Date
22 February 2018
Regulators and legislators on all levels should urgently pay close attention to mitigating the potential risks arising from virtual currencies, says Yves Mersch, a member of the executive board of ECB. Photo: Bloomberg
Regulators and legislators on all levels should urgently pay close attention to mitigating the potential risks arising from virtual currencies, says Yves Mersch, a member of the executive board of ECB. Photo: Bloomberg

Digital currencies need strong global regulation: ECB’s Mersch

Cryptocurrencies like bitcoin and the banks and financial firms that trade them need to be more closely regulated, a top European Central Bank (ECB) policymaker said on Thursday.

“Any virtual currency business of credit institutions needs to be rigorously supervised to ensure that risks emerging from such activities are contained,” ECB Executive Board member Yves Mersch said at an event in London, Reuters reports.
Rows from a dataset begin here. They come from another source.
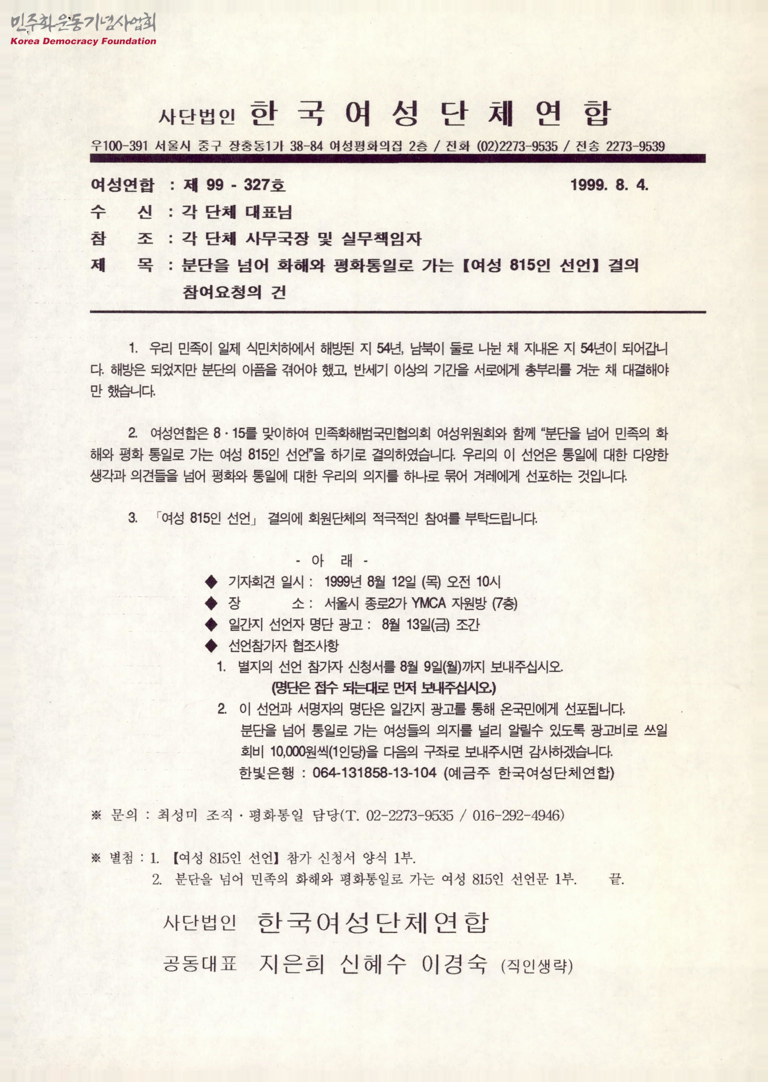 - 여성 815인 선언 결의에 회원단체의 적극적인 참여를 부탁하고 기자회견 일시와 장소, 분단을 넘어 민족의 화해와 평화 통일로 가는 여성 815인 선언문 등의 내용을 포함한 자료
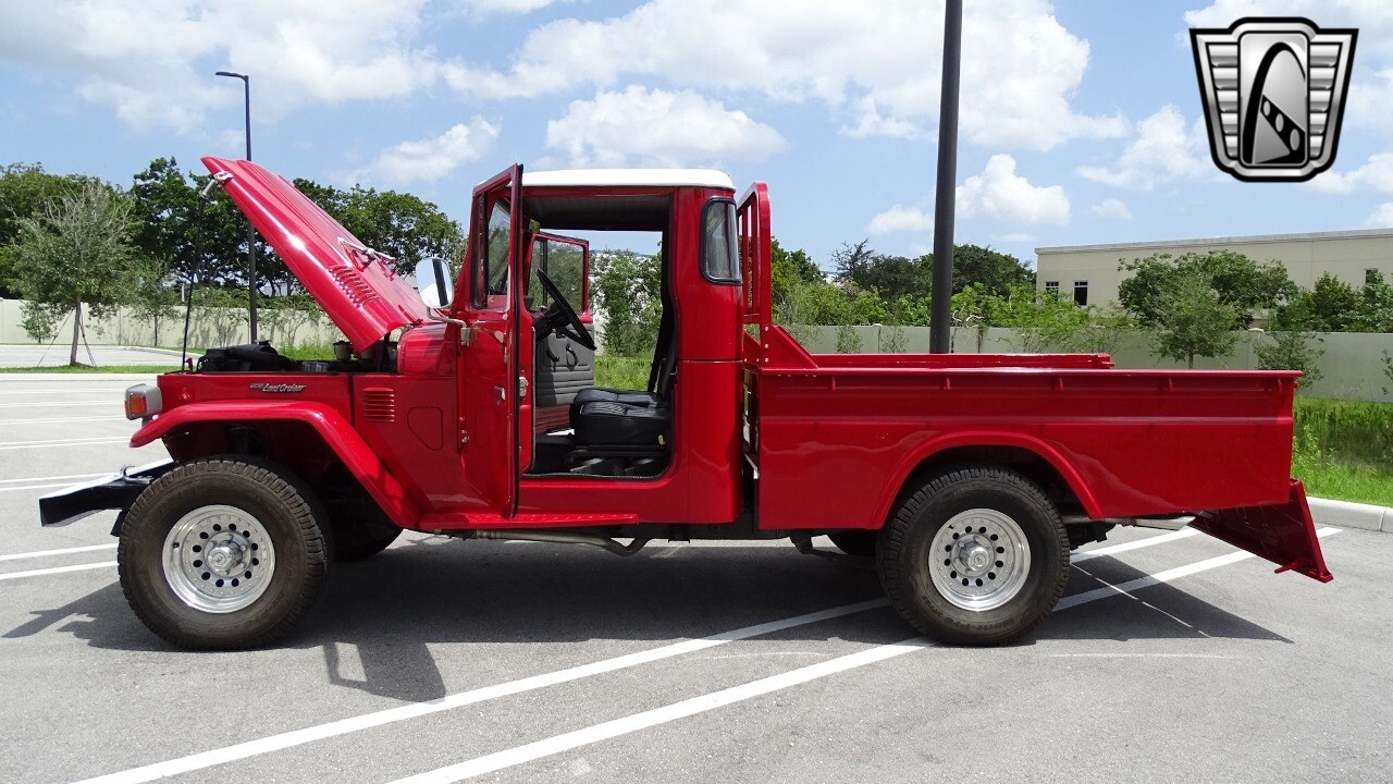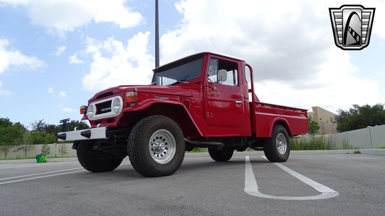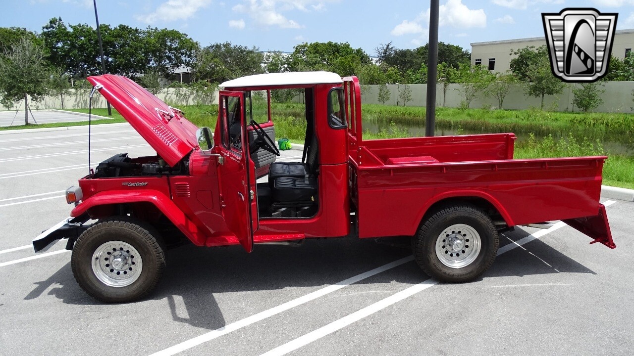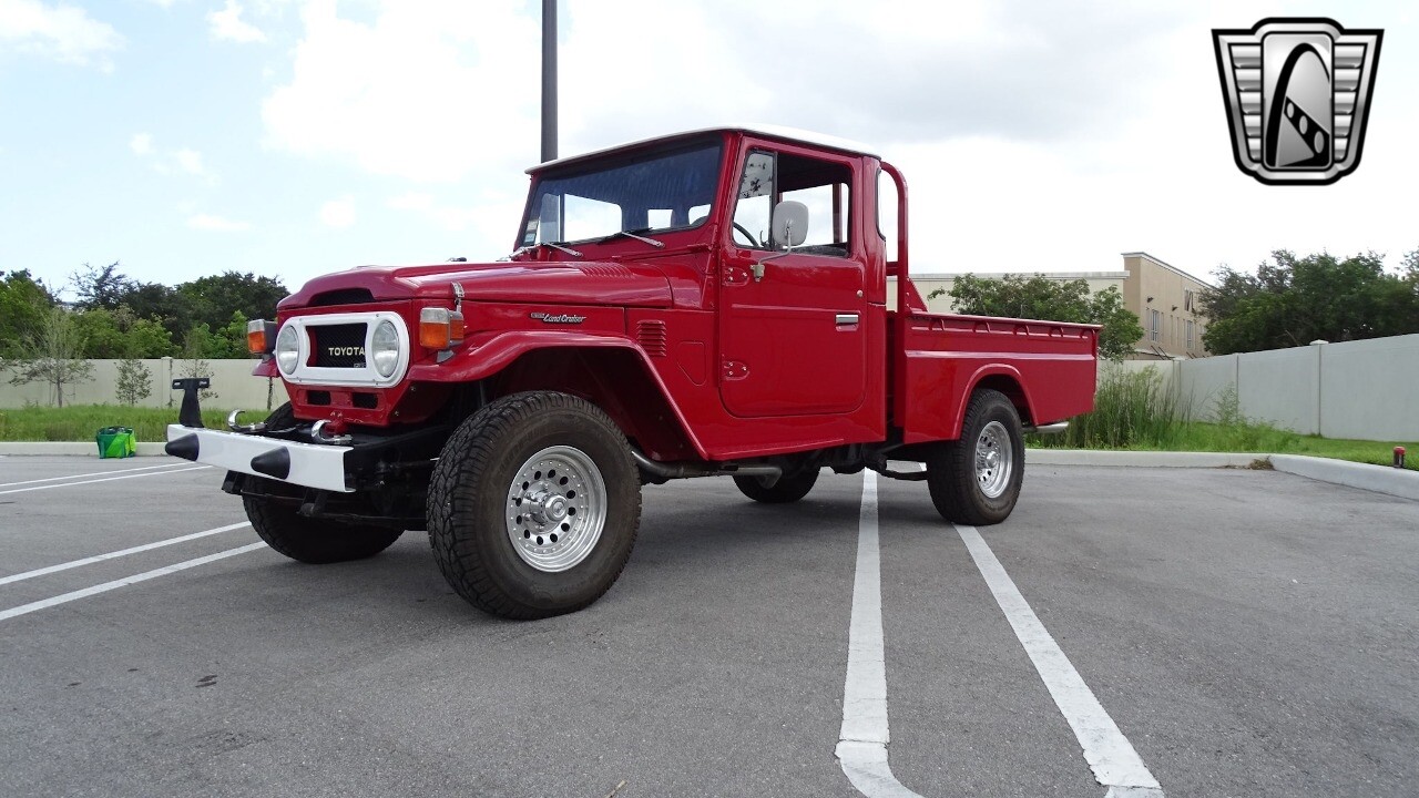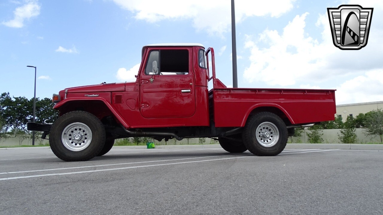 Introducing the classic 1977 Toyota Land Cruiser FJ43, a timeless piece of automotive history. This model is dressed in a vibrant red exterior, a color that is sure to turn heads wherever you go. The interior is a tasteful gray, a nice complement to the exterior, and is furnished in durable vinyl for a blend of comfort and practicality.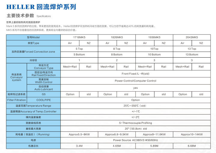 HELLER回流焊1936MK5回流焊爐系列帶來更低的使用成本,HELLER回流焊爐再加熱和冷卻方面的發(fā)展,可以為您節(jié)省高達40%的耗氮量和耗電量。MK5系列不僅是最佳的回流焊系統(tǒng),更具有業(yè)內最好的綜合價值。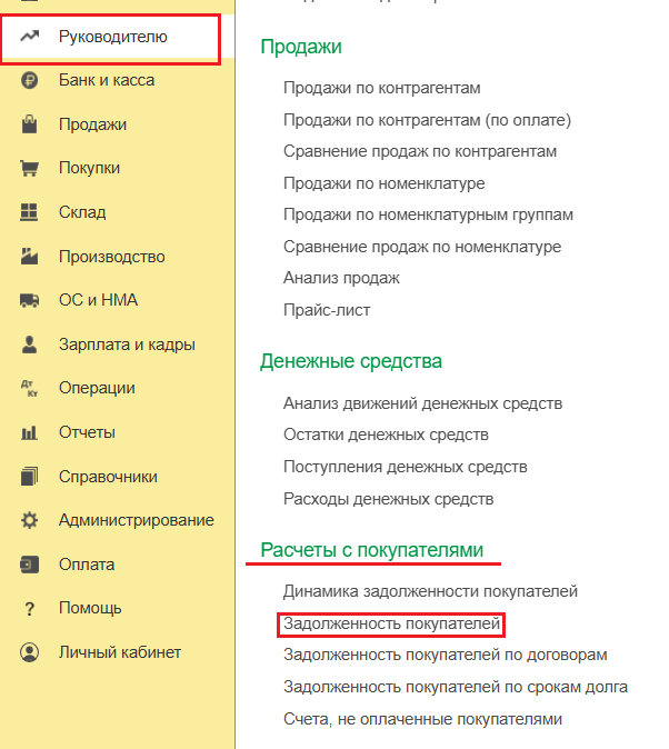 Как в программе 1С Бухгалтерия посмотреть задолженность покупателей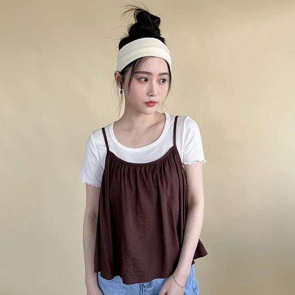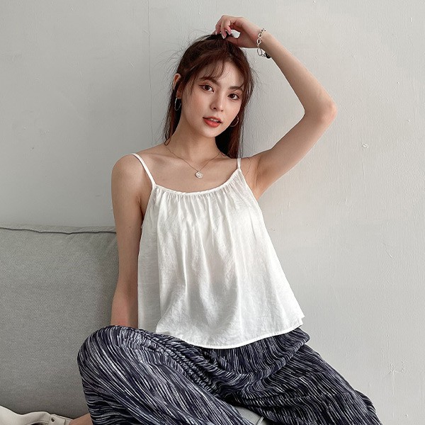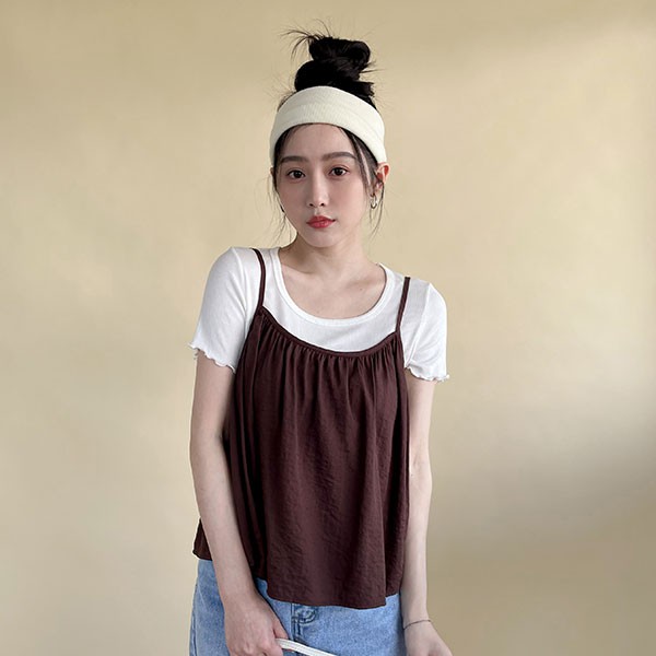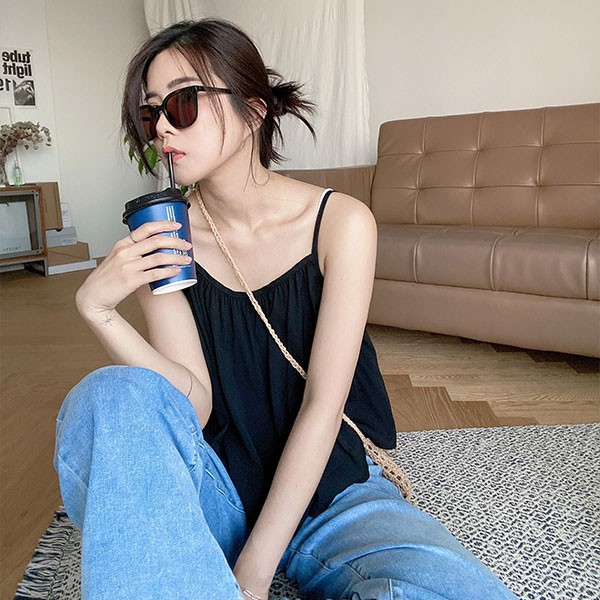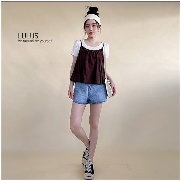 LULUS【A01210399】Y細褶綁帶細肩帶上衣4色0624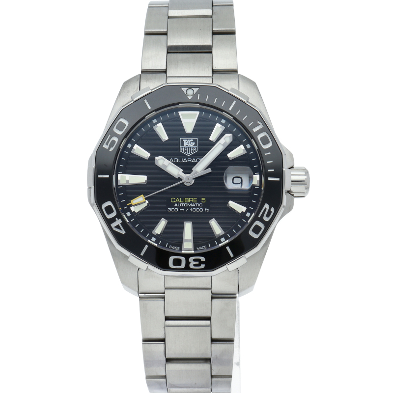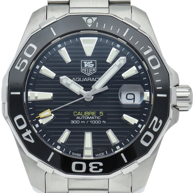 タグ・ホイヤーの人気スポーツウォッチシリーズ「アクアレーサー」。シンプルなデザインで仕上げられた高機能時計です。視認性の高いインデックス、逆回転防止ベゼルの装備など本格ダイバーズウォッチです。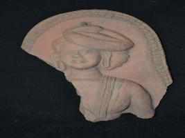 | Description / विवरण | A plaque depicting a male figure headgear. |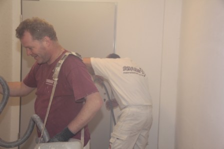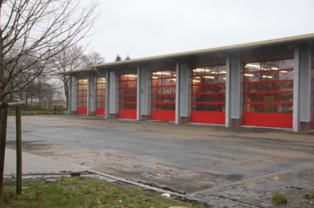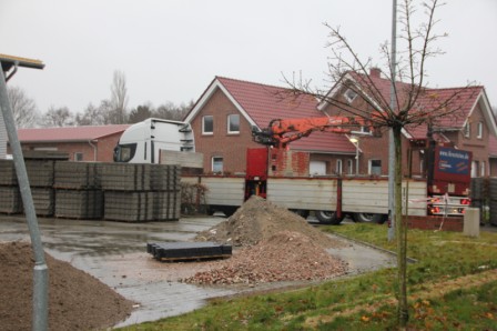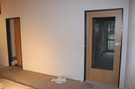 Freitag 12.12.2013 : Heute wurde die Pflastersteine für die vorderen Hof des Feuerwehrhauses geliefert. Die Flächen wurden heute noch Plan gemacht, die restlichen Steine wurde entfernt. Die Maler sind dabei den Flock an die Wand zu bringen. Die Fassadenbauer sind dabei die letzten Löcher zu schließen. Im Sozialtrakt und im Flur wurden die Türen eingebaut.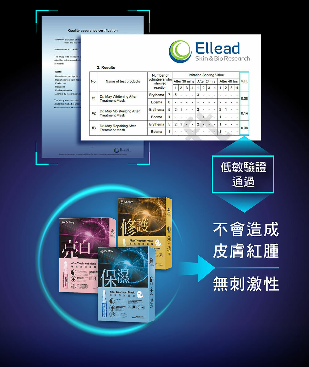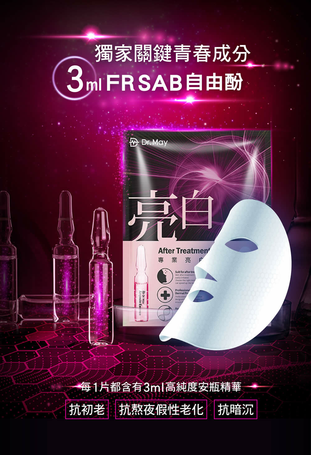 Dr.May美博士專業面膜,專利FRSAB複方精油添加,使用10分鐘幫助肌膚持續透亮水潤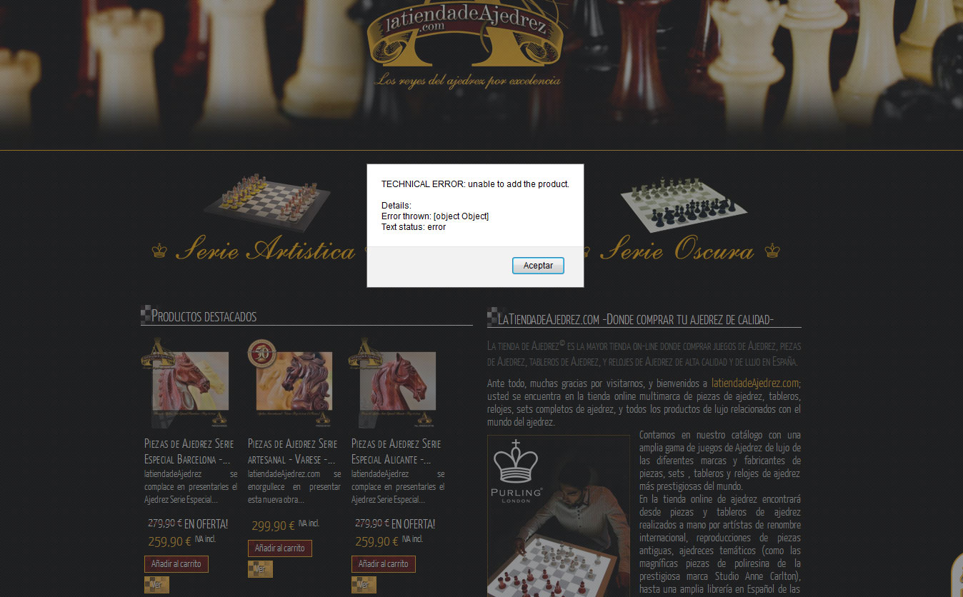 latiendadeajedrez Posted August 8, 2013 Share Posted August 8, 2013 (edited) Quería comentaros algo que me está pasando en la tienda y que no doy con la solución, he rebuscado y realizado todo lo habido y por haber respecto al problema del Technical Error pero de momento sigo estancado, debo de tener problemas con la ejecución de scripts pero tampoco estoy seguro ni sé como solucionarlo. El problema es el mensaje saliente (TECHNICAL ERROR: unable to load form. Details: Error thrown: [object Object] ) cuando añado, exclusivamente en FIREFOX (en los otros navegadores funciona perfecto), productos al carrito, o intento crear una cuenta de cliente nuevo, entrada en el admin, cada vez que se intenta ejecutar un botón. Incluso cuando hago login en la web me salta a: La conexión ha sido reiniciada. La conexión al servidor fue reiniciada mientras la página se cargaba. Esto solo me pasa en firefox, a ver si me podeis ayudar. Gracias. la web es: www.latiendadeajedrez.com Versión de prestashop 1.5.4.1 Edited August 8, 2013 by latiendadeajedrez (see edit history) Link to comment Share on other sites More sharing options...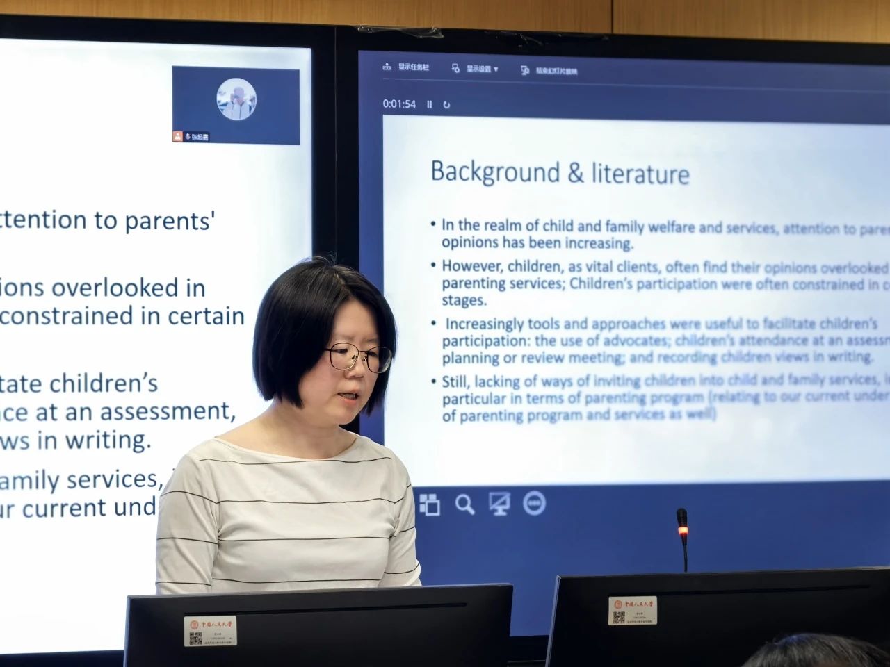 91黑料 社会工作系讲师王子彧的分享主题为“Co-design with lived experience: children participation in family welfare and research”。她首先介绍了研究的背景、项目的基本情况和参考模型“co-design model”的内容及项目的具体步骤。她强调儿童参与亲职项目的重要性,在活动过程中深度讨论以实现项目的共同设计、共同产出。最后她分享了自己在项目后对参与者积极反馈、什么是优秀家长、家长自身动力等方面的反思,同时在组织技巧、互动设计、知识产出等问题上需要进一步探索。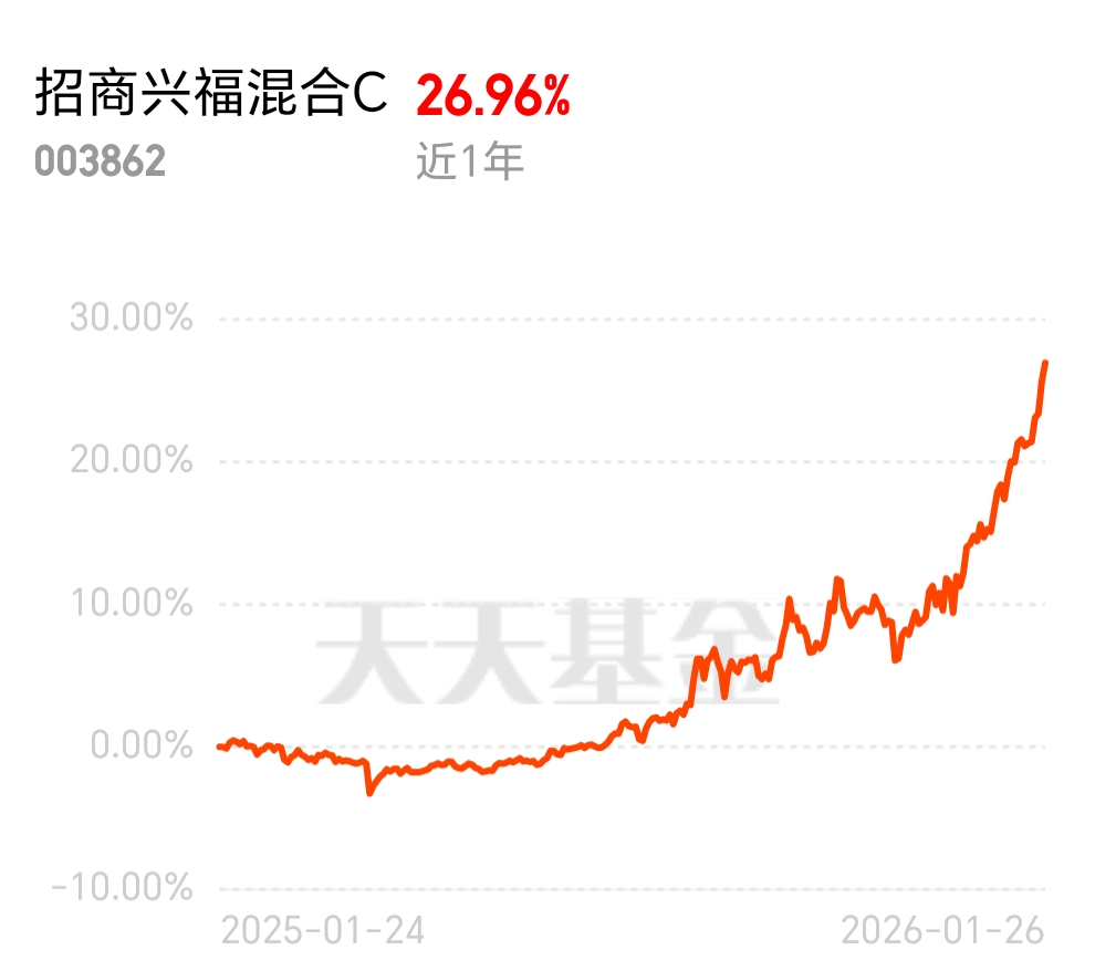 招商兴福混合 C 太给偏债混长脸了,昨天权益普跌它还跟着大涨 1%,重仓有色的布局太精准,近一周 4.46%,近 1 年 26.96%,收益一路稳涨。$招商兴福混合C$

Mersch said proper protocols are needed to meet anti-money laundering and counter terrorist financing regulations.

“Furthermore, given the risks posed by leverage, credit institutions should not accept virtual currencies as collateral (by banks),” he added.

Mersch is the latest of a slew of global policymakers to speak out against digital currencies after their meteoric rise last year, Reuters noted.

Bitcoin, the top crypto asset, rose more than 1,000 percent in 2017. This year, however, the threat of regulatory clampdowns has caused it to tumble about 50 percent.

The market bubble of virtual currencies is deflating but central banks should still pay attention as the innovation may be here to stay even if early market leaders die out, Mersch said on Thursday.

“Virtual currencies are not money, nor will they be for the foreseeable future,” he said. “Their market share is still small and their ties to the real economy are still limited.”

“But this can be subject to change. Regulators and legislators on all levels should therefore urgently pay close attention to mitigating the potential risks that could stem from growing virtual currency business,” he added.